1. Kubernetes Control Plane (Managed by Google)

Components:

kube-apiserver: REST API endpoint for all cluster operations
kube-scheduler: Assigns pods to nodes based on resource requirements
kube-controller-manager: Runs controllers (Deployment, ReplicaSet, Service, etc.)
etcd: Distributed key-value store for cluster state

Management:

Fully managed by Google (no direct access)
Multi-zone HA (3 replicas across zones)
Automatic version upgrades (release channel: REGULAR)
99.95% SLA for regional clusters

Configuration:

apiVersion: v1
kind: Config
clusters:
- cluster:
    certificate-authority-data: <CA_CERT>
    server: https://34.72.XX.XX  # Master endpoint
  name: coditect-dev

2. Node Pool Configuration

Specifications:

apiVersion: container.cnrm.cloud.google.com/v1beta1
kind: ContainerNodePool
metadata:
  name: coditect-dev-node-pool
spec:
  autoscaling:
    minNodeCount: 3
    maxNodeCount: 10
  nodeConfig:
    machineType: n1-standard-2
    diskSizeGb: 100
    diskType: pd-ssd
    preemptible: true  # Cost savings for dev
    serviceAccount: license-api@coditect.iam.gserviceaccount.com
    oauthScopes:
      - https://www.googleapis.com/auth/cloud-platform
    labels:
      environment: dev
      component: compute
    tags:
      - gke-node
      - allow-health-check
  management:
    autoRepair: true
    autoUpgrade: true
  upgradeSettings:
    maxSurge: 1
    maxUnavailable: 0

Node Resources:

CPU: 2 vCPU per node
Memory: 7.5GB RAM per node
Disk: 100GB SSD (OS + container images)
Network: 10 Gbps (egress capped at 2 Gbps per node)
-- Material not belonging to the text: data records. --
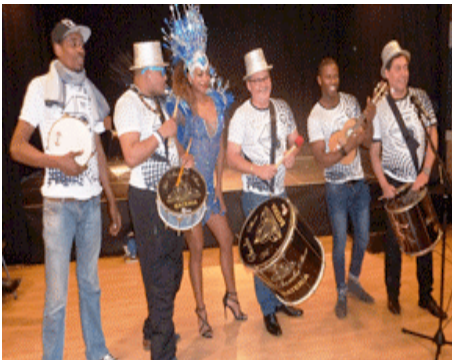
C'est le Brasil !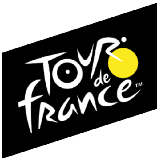
Figure emblématique de notre territoire avec ses quatre voies d'accès, le Grand Colombier fait partie de ces montagnes profondément ancrées dans leur culture locale. Le Tour de France l'a incontestablement doté d'une renommée sportive et médiatique internationale. A la fois craint et admiré, il ne laisse personne indifférent.

Si le col du Grand Colombier n'est pas le plus connu en France, il est l'un des plus difficile si l'on en croit les cyclistes.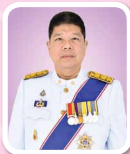
นายธานี ทองภักดี ปลัดกระทรวงการต่างประเทศ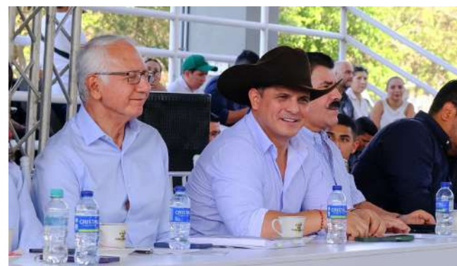
Respaldo decidido del ministro Guillermo Alfonso Jaramillo y la Presidencia de la República.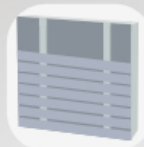
Pose horizontale simple lambourdaire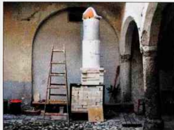
Tri metre visoka peč je po opravljenem delu ostala v spomenu na fotografiji.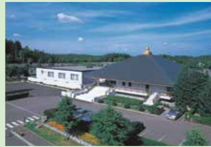
K 滝之太陽殿(旧管理事務所)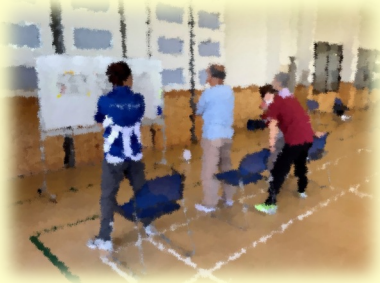
通所型サービスC事業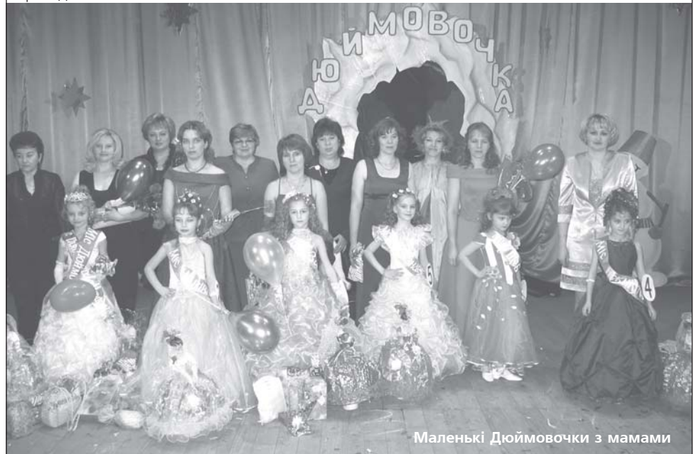
Маленькі Дюймовочки з мамами

До речі, саме глядачі відзначили професійне зростання не лише учасниць конкурсу, а і його проведення.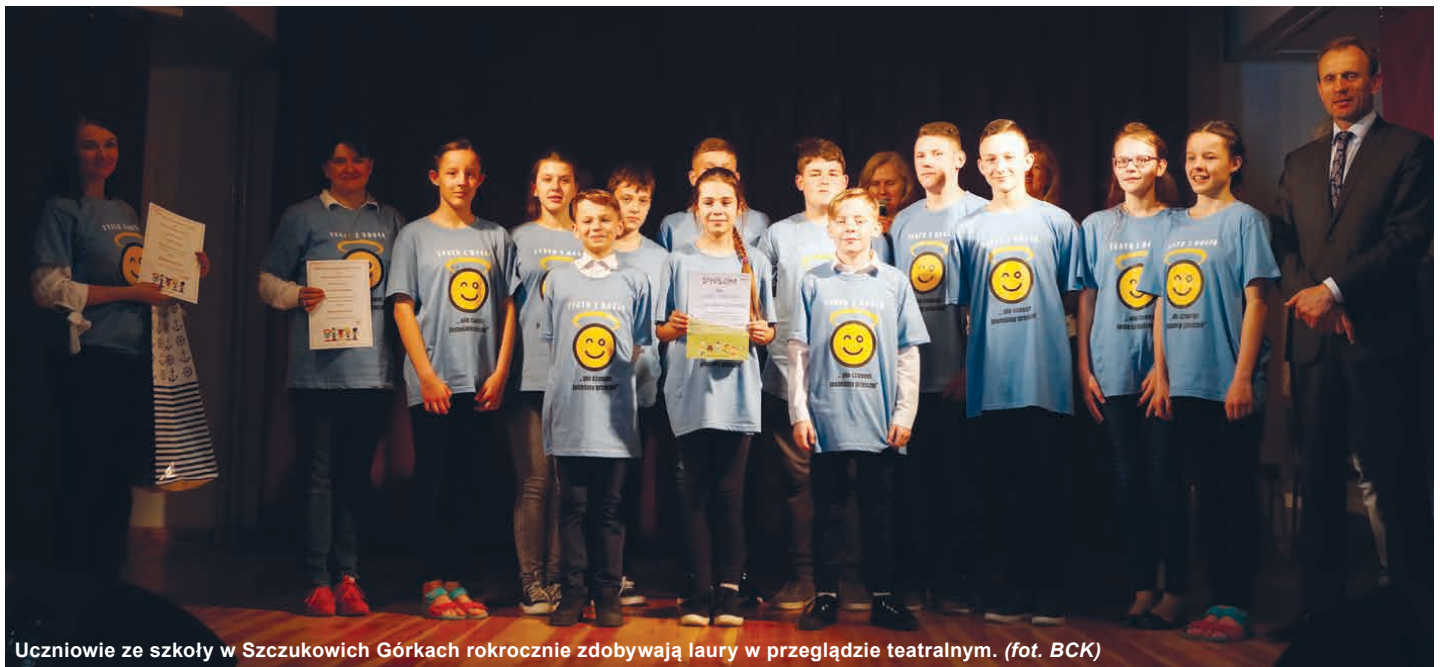
Uczniowie ze szkoły w Szczukowich Górkach rokrocznie zdobywają laury w przeglądzie teatralnym.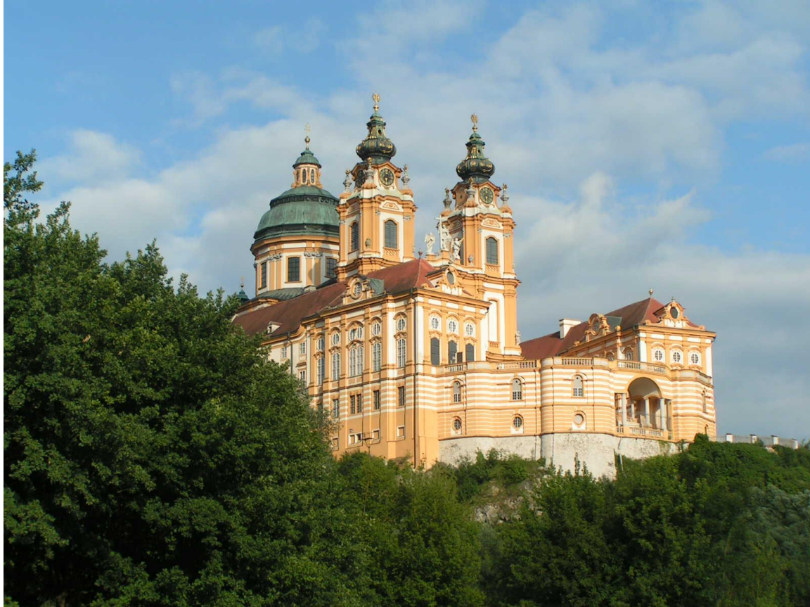
Melk - Autriche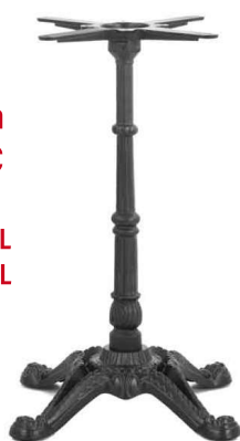
PZN-49* / PZN-49L PZN-49S / PZN-49F**

3 br. ref PZN-39L-BL 4 br. ref PZN-49L-BL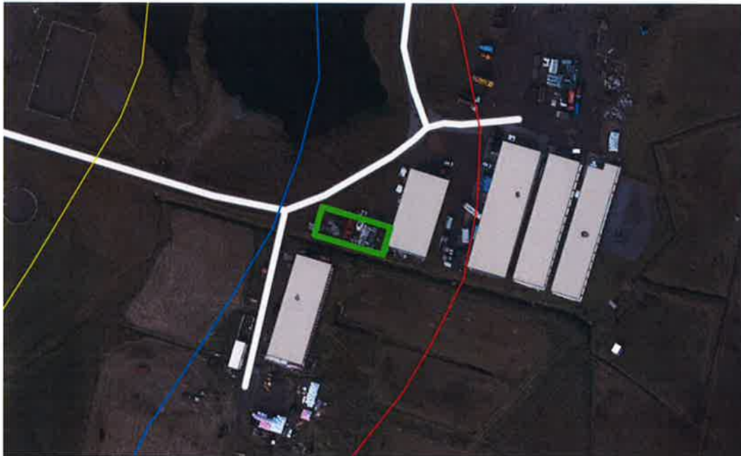
Mynd 1, afstöðumynd með hættumatslínum

Undirritaður fyrir hönd Aðstaðan sf. Kt. 511285-0549 óska eftir álitum á því hvort heimilt sé að byggja við húsið að Kirkjubólslandi L138012 skv. neðan greindum myndum.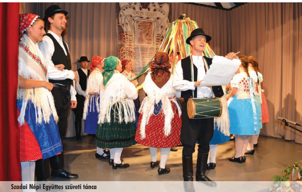
Szadai Népi Együttes szüreti tánca

A hét közepétől kitartóan szakadt az eső, ezért már szeptember 24-én csütörtökön a „B” terv lépett életbe, vagyis a Székely-kertbe meghirdetett programok nagy részét lemondták a szervezők, a szabadtéri színpadra tervezett műsort pedig bevitték a Faluházba. Természetesen a szüreti felvonulást is lefűjták.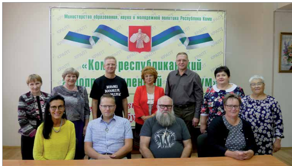
Pudasjärven väki (eturivissä) ammattioppilaitoksen vieraana.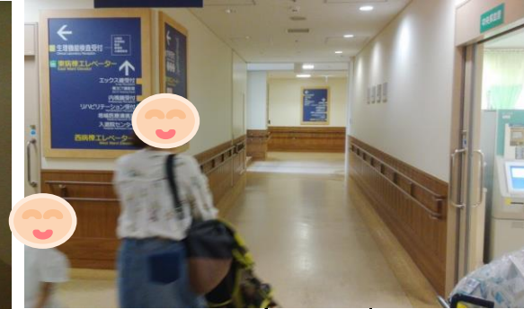
③中央採血室の前を左折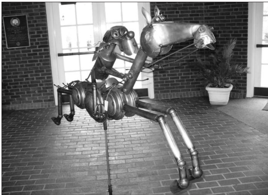
Jokiko statula prie registracijos stalo „My old Kentucky Home“.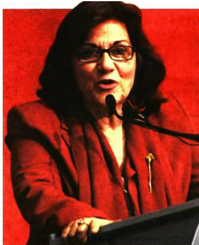
Η αναπληρώτρια υπουργός Κοινωνικής Αλληλεγγύης Θεανώ Φωτίου

Επιβεβαιώνει ότι επικείμενες παρεμβάσεις που θα αλλάξουν «τον προνοιακό χάρτη» η αναπληρώτρια υπουργός Θεανώ Φωτίου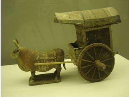
बैलगाडीची हूबेहूब प्रतिकृती

चीनीमातीपासून बनविलेल्या शोभिवंत भांड्यांचा एक वेगळाच विभाग आहे. यांत अगदी लहान कपापासून ते खूप मोठ्या आकाराच्या भांड्यांपर्यंत विविध आकाराच्या आणि रंगाच्या वस्तूंचा समावेश आहे. प्रत्येकावर केलेले नक्षीकाम इतके सुबक आणि सुंदर आहे की पर्यटकांचे लक्ष वेधून घेतल्यावाचून राहात नाही. अशा वस्तू चीनमध्ये अजूनही बनविल्या जात आहेत. बाजारात त्या विकण्यास देखील ठेवलेल्या आढळतात. या संग्रहालयात असलेल्या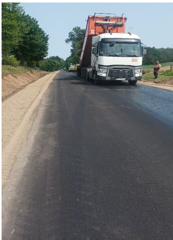
Fot. 1 DP 1869B odc. Milewo Galązki

Wartość zadania: 5.774.117,21 zł, procentowy udział własny wnioskodawcy w realizacji inwestycji: 13,41 %, dofinansowanie: 5 000 000 zł - 86,59 % .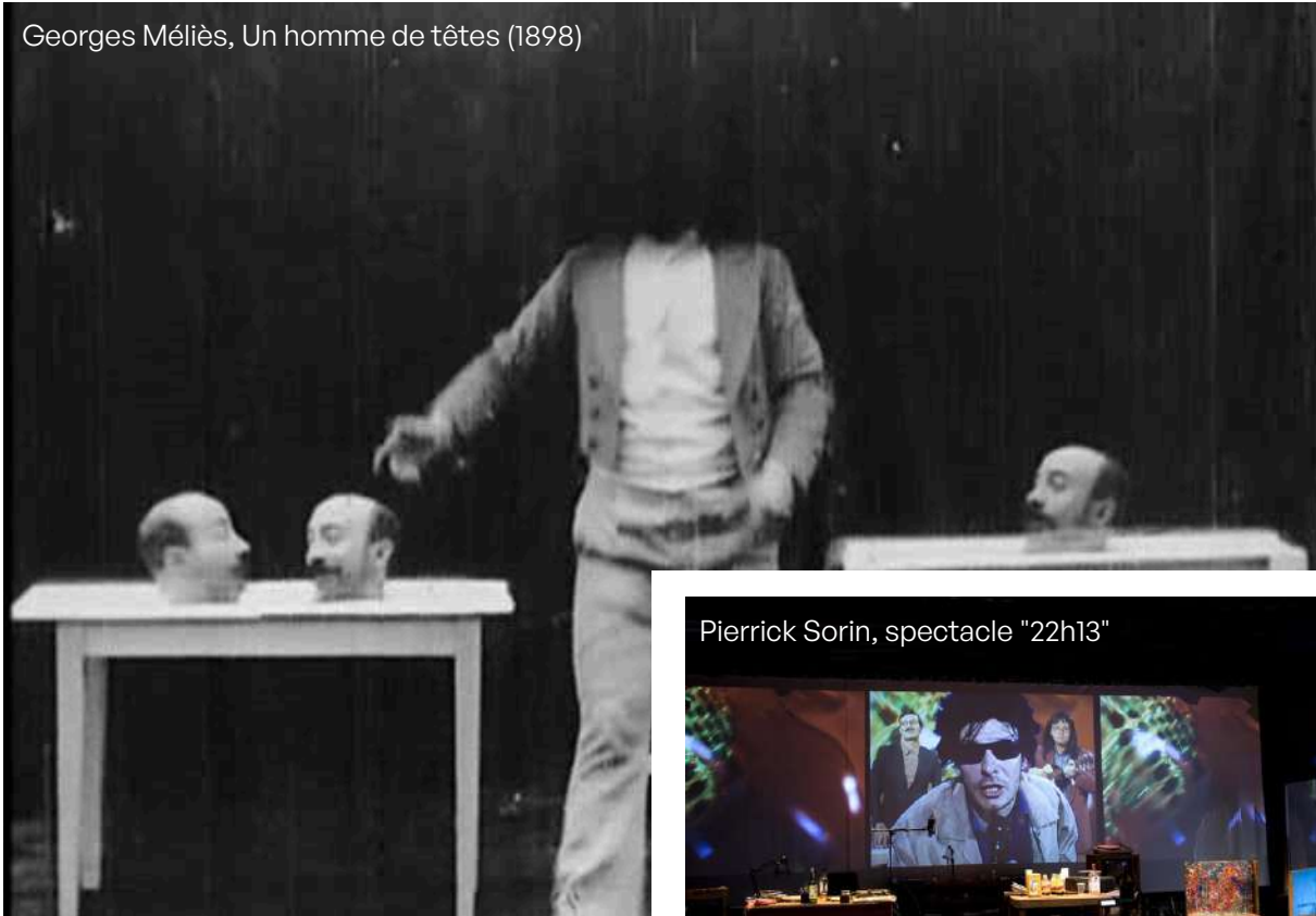
Georges Méliès, Un homme de têtes (1898)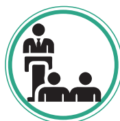
RENDICIÓN DE CUENTAS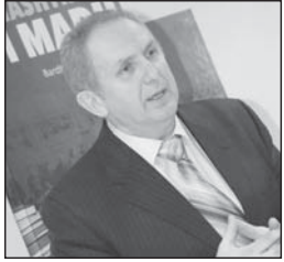
Shkruan: Bardhyl MAHMUTI

Duke e nxjerrë në rend të parë mënyrën se si është kryer krimi (masakrimin), ne e zhvendosim në rend të dytë atë që është thelbësore: qëllimin.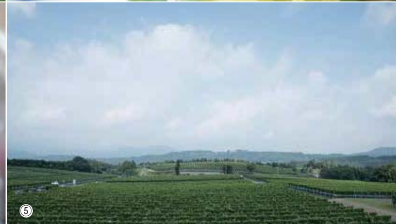
農場関係者が『えーる』の皆さんと一緒に作業をしている様子(写真①)、ブドウの1粒1粒を確認しての細かい作業(写真②)、信農リースリングという品種のブドウ(写真③)、中伊豆ワイナリーで育った木を使って販売している作品(写真④)、広大な中伊豆ワイナリーのブドウ畑(写真⑤)。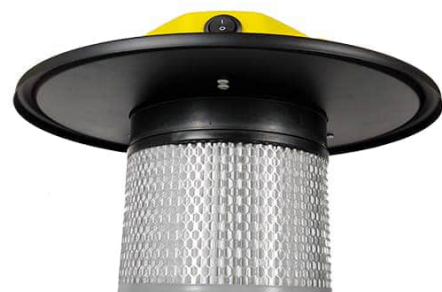
HEPA- Partikelfilter, auswaschbar und leicht auszutauschen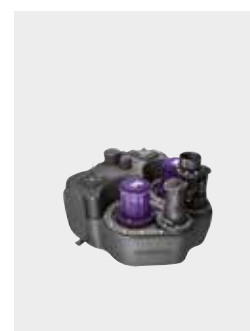
Hebeanlage Aqualift F Duo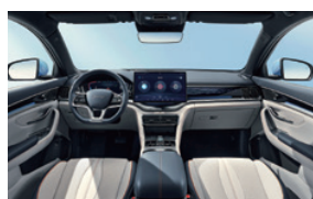
Blue and grey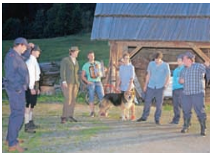
Posvet fantov pred odhodom na vasovanje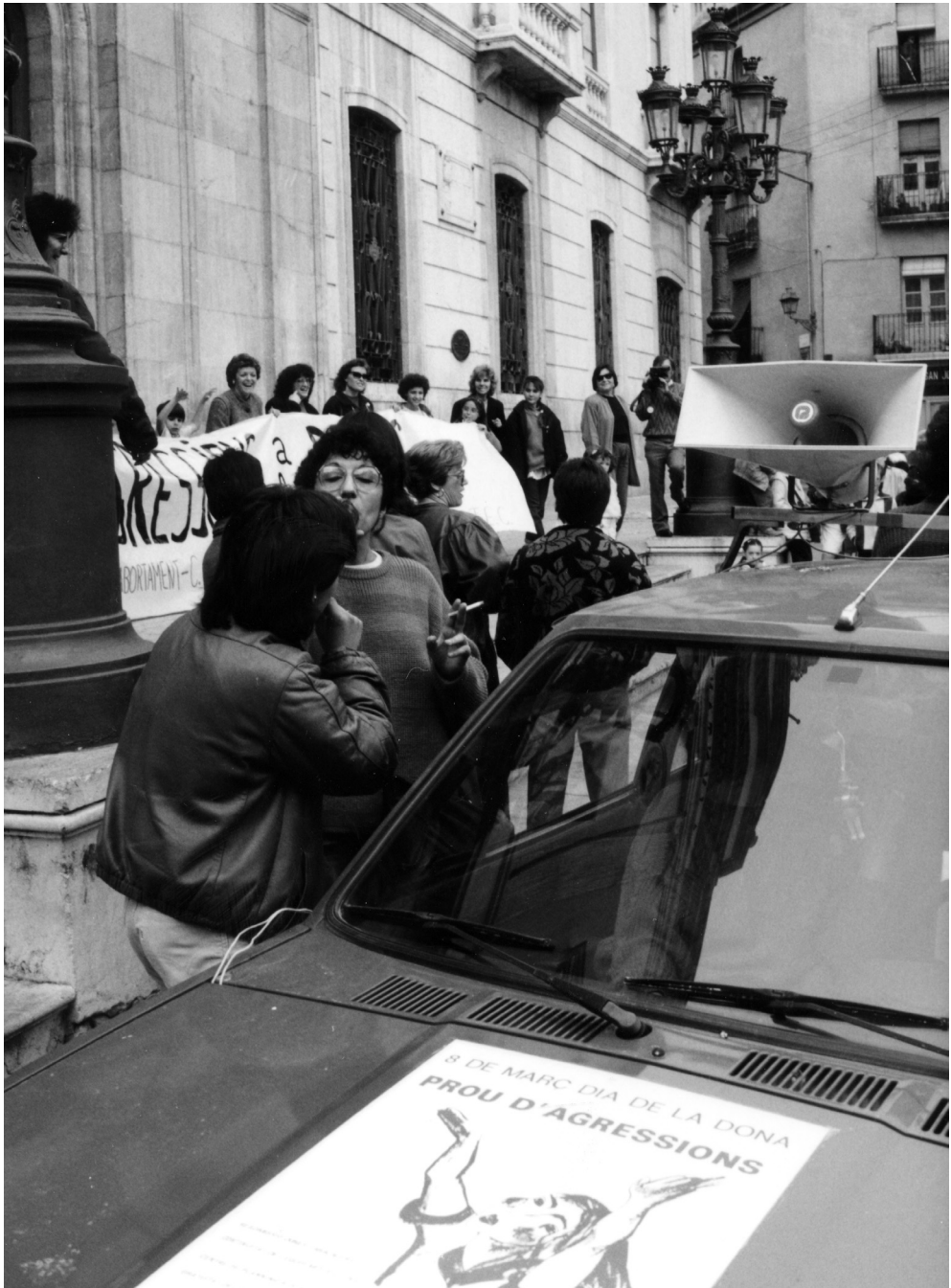
Concentració de dones davant del palau municipal tarragoní en contra de la violència de gènere (aprox. 1986). Fotografia Fons Bloc Feminista (AHT).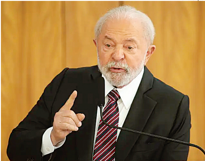
Aprovação de dosimetria em penas não deve ter aval da presidência

A época, a direção do PT se manifestou contra a pro-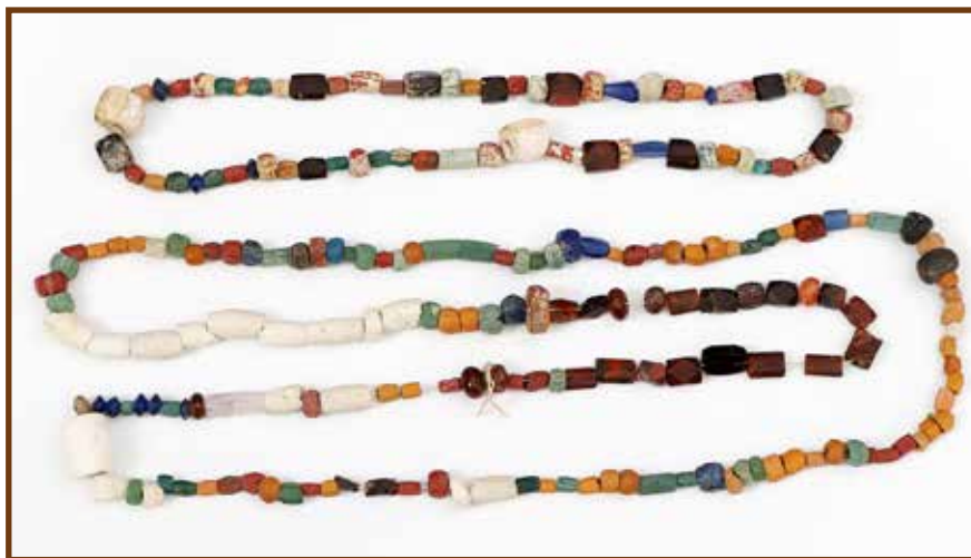
Nagy mennyiségű színes gyöngyöt, edényeket és csontokat fordított ki az eke az 1950-es években az első Tsz mélyszántáskor Kunszentmiklós északi részén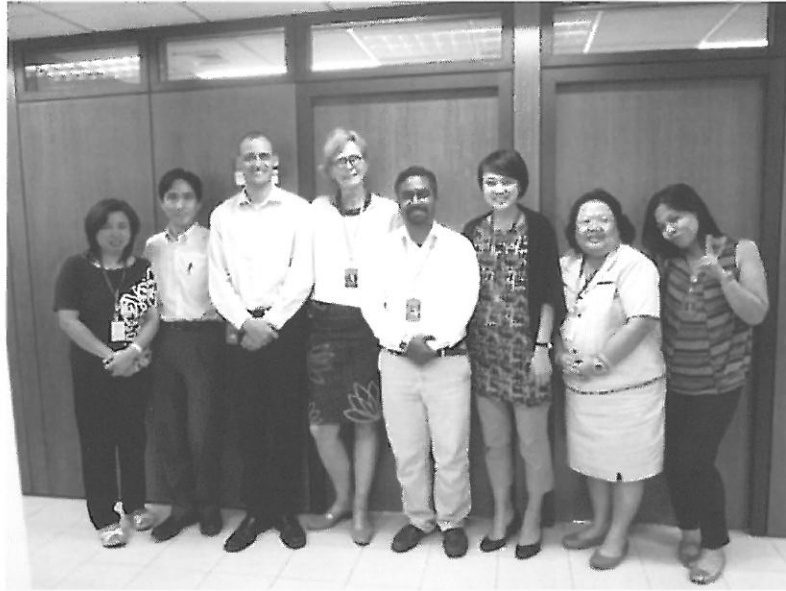
(結核・ハンセン病対策課の皆さんと)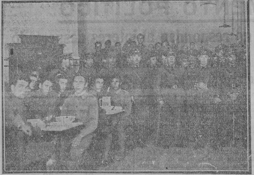
Acto inaugural del Hogar del Soldado en el batallón de zapadores número 2, celebrado ayer. (Edo. Gori)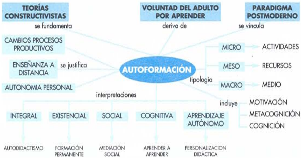
Figura 1: Mapa conceptual de la autoformación propuesto por el autor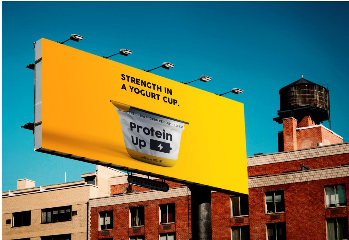
Primjer 2 – billboard; obrazac: Designbolts.com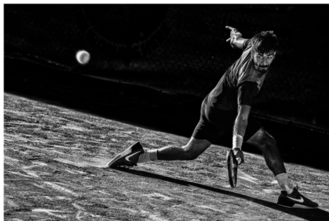
"Backhand 01" di Giuseppe Bernini - 1° Premio "Tema libero" XXXV ed.

è possibile inviare fotocopie delle schede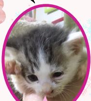
みはるちゃん 12月中旬生まれ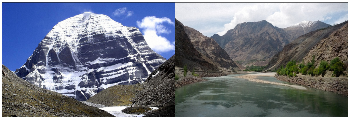
Figure 2. Le mont Kailash et, à droite, le fleuve Indus dans le nord du Pakistan.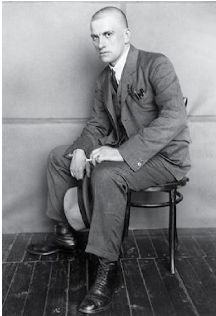
Владимир Маяковский, 1924 год

Из мемуаров Лили Брик, опубликованных после ее смерти, стало известно, что тогда супруги заключили своеобразный договор, по которому оба могли жить своей личной жизнью, не ущемляя права друг друга и сохраняя узы брака. По утверждению Лили, ее интимные отношения с Осипом Бриком прекратились после знакомства с Маяковским, однако он на всю жизнь остался для нее близким человеком. Маяковский хоть поначалу и не был готов делить Лилю с ее законным мужем, но все же покорился ее воле. К слову, именно на средства Осипа Брика была напечатана поэма «Облако в штанах». Забегая вперед – любовный треугольник просуществует почти 15 лет.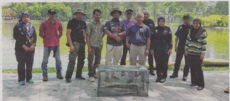
ANAK buaya yang dilihat di Taman Tasik Shah Alam pada Jumaat lalu berjaya ditangkap selepas memasuki perangkap dipasang Perhilitan Selangor semalam.

"Pihak MBSA dengan ini ingin mengucapkan terima kasih kepada semua pihak khususnya Perhilitan, Jabatan Bomba dan Penyelamat Malaysia (JBPM) Shah Alam serta Renjer Taman MBSA," katanya.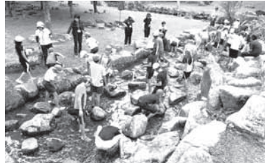
町内民泊体験 大暮養魚場でアマゴの つかみどり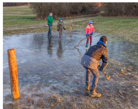
Kinder beim Eishockeyspielen in Perchting

Alle anderen Ausgaben können Sie wie immer unter TSV-Perchting.de nachlesen.

Node Zones (Multi-Zone HA):

us-central1-a (Zone 1)
us-central1-b (Zone 2)
us-central1-c (Zone 3)

3. License API Deployment

Deployment Manifest:

apiVersion: apps/v1
kind: Deployment
metadata:
  name: license-api
  namespace: default
  labels:
    app: license-api
    version: v1.0.0
spec:
  replicas: 3
  selector:
    matchLabels:
      app: license-api
  template:
    metadata:
      labels:
        app: license-api
        version: v1.0.0
    spec:
      serviceAccountName: license-api-sa
      containers:
      - name: license-api
        image: gcr.io/coditect-citus-prod/license-api:latest
        ports:
        - containerPort: 8000
          name: http
          protocol: TCP
        env:
        - name: DATABASE_URL
          valueFrom:
            secretKeyRef:
              name: db-credentials
              key: connection-string
        - name: REDIS_URL
          value: "redis://10.121.42.67:6378"
        - name: ENVIRONMENT
          value: "production"
        resources:
          requests:
            cpu: 500m
            memory: 1Gi
          limits:
            cpu: 2000m
            memory: 4Gi
        livenessProbe:
          httpGet:
            path: /health
            port: 8000
          initialDelaySeconds: 30
          periodSeconds: 30
          timeoutSeconds: 5
          failureThreshold: 3
        readinessProbe:
          httpGet:
            path: /ready
            port: 8000
          initialDelaySeconds: 10
          periodSeconds: 10
          timeoutSeconds: 3
          failureThreshold: 2
        volumeMounts:
        - name: config
          mountPath: /app/config
          readOnly: true
      volumes:
      - name: config
        configMap:
          name: license-api-config

Pod Lifecycle:

Scheduler assigns pod to node with sufficient resources
kubelet pulls container image from GCR
kubelet starts container with environment variables
Readiness probe checks /ready endpoint
Pod added to service endpoints (receives traffic)
Liveness probe monitors /health endpoint
On failure: kubelet restarts container (3 failures → pod restart)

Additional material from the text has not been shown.